Description of simulated thread pool

Neglecting secondary details, a thread pool call graph looks like this (Fig. 1), where designations corresponds to the following functions (Table 1).

54d97df0863605abb74f9ca9c4d176bf Figure 1: Thread pool call graph

Table 1. Thread pool functions

Name Description Name Description
1 add_connection Add a new connection, choose thread group for it 11 timeout_check Check, if the connection has expired (request took too long time); if yes, delete connection
2 wait_begin Callback for the start of off-CPU round 12 create_worker Create a new thread
3 start_timer Start a timer thread to track stalled threads 13 wake_thread Wake an idle thread
4 set_tp_size Set the thread pool size 14 too_many_threads Check if there are too many active threads in group
5 wait_end Callback for the end of off-CPU round 15 worker_main Main function for thread from thread pool
6 queue_put Put a new connection into queue 16 handle_event Preparing to serve a request
7 timer_thread Main function for the timer thread 17 get_event Assign a connection to ready thread (make it active)
8 wakeCreateThread Create a new thread or wake idle 18 process_request Serve a request by thread
9 queues_are_empty Check queues 19 listener Thread for polling, repeatedly extract connection from thread group’s open file descriptor
10 check_stall Treat stalled threads 20 queue_get Extract a connection from queue

Description of simulation model

Let’s list the input values for model, which are produced by a random number generator with the given distribution:

  • the input flow of connections: the distribution of time intervals between add_connection() calls;

  • the time of new thread creation: timing for create_worker();

  • the duration of one active round for thread: the time from the start of request serving till the first wait_begin() call; or between wait_end() and wait_begin() calls; or between wait_end() call and request completion;

  • the duration of one off-CPU round for thread: the time between wait_begin() and wait_end() calls;

  • the number of active rounds during one request serving;

  • the time interval between request completion and selection of the same persistent connection by polling to assign it new thread and start the next request.
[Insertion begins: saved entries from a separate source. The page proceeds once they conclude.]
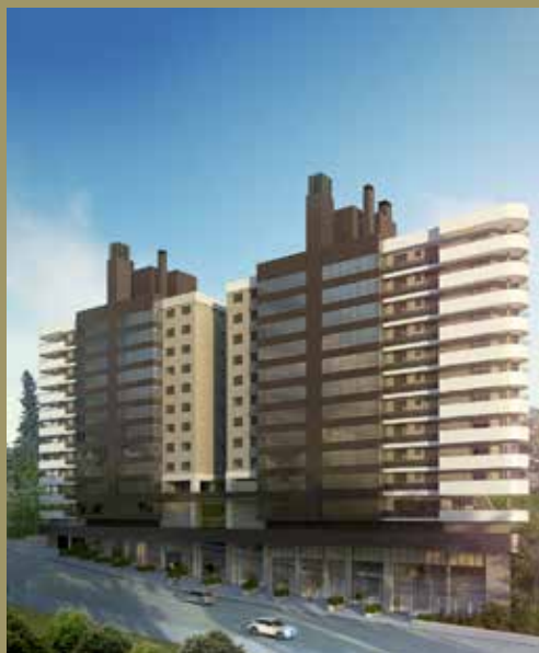
Residencial Torres de Sevilha Travessa Manaus, 109, Cidade Alta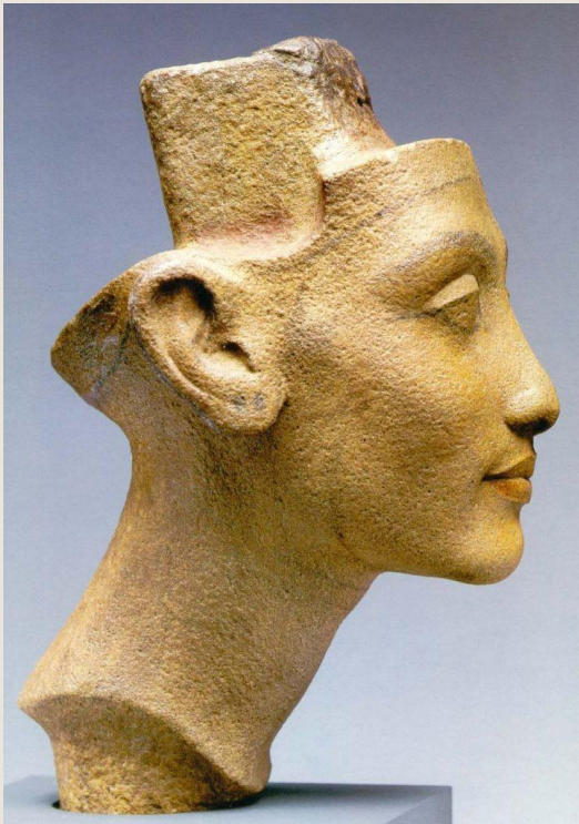
Скульптурный портрет супруги Эхнатона - Нефертити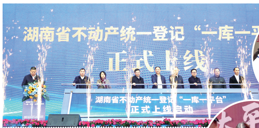
2023年3月，湖南省不动产登记“一库一平台”上线启动仪式在益阳举行。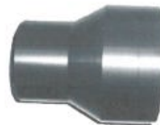
Reducție din PEİD

Fitingurile injectate sunt utilizate în instalații cu presiuni de max. 40 bar (funcție de SDR și materia primă utilizată la fabricare).

The output of model is the average number of served queries per second and the average latency of one request serving. The model is built on the following classes: Threadpool (singleton), Threadgroup, Connection, Thread, Timer (singleton). States for Thread instances are the following:

  • Creating – thread creation;

  • Active – request serving;

  • Waiting – input-output waiting;

  • Idle – previous request is completed, but the next is not assigned yet;

  • Polling – only one thread can be at this state by the moment. This thread is responsible for polling (performs select() API) and called listener.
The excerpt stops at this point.